Examining why Borders collapsed

Column: Borders' expansion hastened its implosion

Posted on Tue, Jul 19, 2011 : 10:57 a.m.

Borders_concept_store.JPG

Borders stores — such as the concept store the company opened on Lohr Road in Pittsfield Township in 2008 — averaged about 25,000 square feet.

File photo | AnnArbor.com

As Borders dissolves, it’s natural to assign blame.

You can plausibly fault the company’s executives, its competitors, the Internet, electronic books or even our culture itself.

But the biggest single reason for Borders’ fall was its rise. Its rapid expansion.

Borders’ focus on opening more stores and bigger stores and international stores during the late 1990s and early 2000s turned out to be the company’s critical error.

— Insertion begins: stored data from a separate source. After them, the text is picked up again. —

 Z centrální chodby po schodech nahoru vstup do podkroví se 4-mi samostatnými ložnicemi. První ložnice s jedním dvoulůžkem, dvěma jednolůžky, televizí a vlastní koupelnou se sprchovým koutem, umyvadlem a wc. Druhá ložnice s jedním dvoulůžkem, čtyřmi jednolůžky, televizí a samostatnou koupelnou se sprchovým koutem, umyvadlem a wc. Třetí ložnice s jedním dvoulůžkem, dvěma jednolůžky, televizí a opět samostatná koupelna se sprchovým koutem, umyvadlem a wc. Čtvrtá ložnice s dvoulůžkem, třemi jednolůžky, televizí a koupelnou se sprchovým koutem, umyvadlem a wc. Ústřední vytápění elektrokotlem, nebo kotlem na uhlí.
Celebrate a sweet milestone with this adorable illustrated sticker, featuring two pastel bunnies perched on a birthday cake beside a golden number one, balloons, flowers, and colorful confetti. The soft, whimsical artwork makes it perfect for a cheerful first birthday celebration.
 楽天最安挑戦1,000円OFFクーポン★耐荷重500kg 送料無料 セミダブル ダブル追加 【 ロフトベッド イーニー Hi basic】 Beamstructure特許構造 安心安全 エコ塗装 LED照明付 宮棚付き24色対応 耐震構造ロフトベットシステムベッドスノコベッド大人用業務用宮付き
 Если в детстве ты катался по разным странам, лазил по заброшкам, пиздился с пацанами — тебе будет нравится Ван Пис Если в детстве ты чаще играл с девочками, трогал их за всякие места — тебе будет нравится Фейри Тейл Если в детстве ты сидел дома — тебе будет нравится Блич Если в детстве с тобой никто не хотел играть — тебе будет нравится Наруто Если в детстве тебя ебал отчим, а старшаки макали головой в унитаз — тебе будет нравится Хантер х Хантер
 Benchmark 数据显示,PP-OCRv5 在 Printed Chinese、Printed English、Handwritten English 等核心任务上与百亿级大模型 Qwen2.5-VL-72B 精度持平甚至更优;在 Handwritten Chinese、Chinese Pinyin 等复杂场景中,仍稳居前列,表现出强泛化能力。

Much of the coverage of Borders’ liquidation — which the company announced Monday after five months of navigating Chapter 11 bankruptcy — is sure to center on the role of e-books in weakening Borders.

And, to be sure, it’s probably fair to say that e-books crushed any hopes Borders still had of staying alive.

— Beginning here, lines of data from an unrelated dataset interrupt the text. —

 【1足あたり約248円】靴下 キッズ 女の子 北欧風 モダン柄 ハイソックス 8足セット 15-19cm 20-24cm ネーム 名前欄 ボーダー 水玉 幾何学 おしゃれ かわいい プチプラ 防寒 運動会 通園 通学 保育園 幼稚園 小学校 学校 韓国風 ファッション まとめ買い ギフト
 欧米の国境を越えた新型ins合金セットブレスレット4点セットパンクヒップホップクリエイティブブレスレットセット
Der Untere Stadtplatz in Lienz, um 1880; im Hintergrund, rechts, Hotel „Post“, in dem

And, yes, the company’s decision to outsource its online sales to Amazon.com in 2001 was a shocking blunder that the company was never able to recover from.

But the company’s descent can be traced back to the corporate expansion that started after founders Tom and Louis Borders sold the 21-store chain to Kmart Corp. in 1992. The Borders brothers left, Kmart combined Borders with its Waldenbooks unit and the new company went public in 1995 under CEO Robert DiRomualdo.

By that point, Borders already had 158 superstores, averaging $259 per square foot in annual sales, according to Securities and Exchange Commission filings. Borders’ sales performance peaked at $261 per square foot in 1997 when the company had 204 superstores.

Then the sales decline started — but the expansion continued. In fact, Borders didn’t stop adding stores until 2007, a decade after its sales per square foot peaked. By 2009, sales per square foot had tumbled to $173, some 33.7 percent less than its peak 12 years earlier.

“They failed to recognize that the company needed to be downsized,” said Jim McTevia, a turnaround consultant with Bingham Farms-based McTevia & Associates.

Borders superstores

This table shows the rise in the number of Borders superstores at the end of each fiscal year and corresponding fall in the average sales per square foot of those stores in the years since the company's 1995 initial public offering, according to U.S. Securities and Exchange Commission records.

  • 1996: 158 superstores ($259 average sales per square foot)
  • 1997: 204 ($261)
  • 1998: 256 ($256)
  • 1999: 300 ($255)
  • 2000: 349 ($255)
  • 2001: 385 ($245)
  • 2002: 434 ($237)
  • 2003: 482 ($223)
  • 2004: 504 ($227)
  • 2005: 528 ($232)
  • 2006: 567 ($236)
  • 2007: 541 ($228)
  • 2008: 518 ($203)
  • 2009: 511 ($173)

A little bit of basic calculus could’ve stopped Borders from expanding too quickly. Borders was so focused on just increasing revenue that it apparently never paused to examine the percentage change in its revenue increases. That is, revenue was still increasing — but the pace of the revenue increases was falling, an early indication of troubles.

Put it simply: Borders got too big, too fast.

Once it became obvious that Borders' store footprint was too large, the company was locked into hundreds of expensive leases that extended beyond 2017. Borders was paying $1 billion in annual rental costs when it filed for bankruptcy.

Bankruptcy helped the company shed unprofitable leases, but the company was still relying on a broken business model centered on massive physical stores.

When the Internet emerged as a legitimate sales opportunity, Borders was too focused on running 25,000-square-foot superstores instead of pursuing new market opportunities.

And by the time e-books came onto the scene, Borders didn’t have the cash to invest in its own e-reader.

“The failure to recognize the transition of the industry, the failure to downsize their retail operations, and exit the mall” store business were key mistakes, McTevia said.

In a rare interview in May, Borders Group Inc. President Mike Edwards — CEO of the company’s bookstore unit, who joined the company two years ago — said Borders fell prey to the superstore rush of the 1990s.

Opening more stores, he said, “hides a lot of sins.”

The consequence of those sins is now painfully obvious.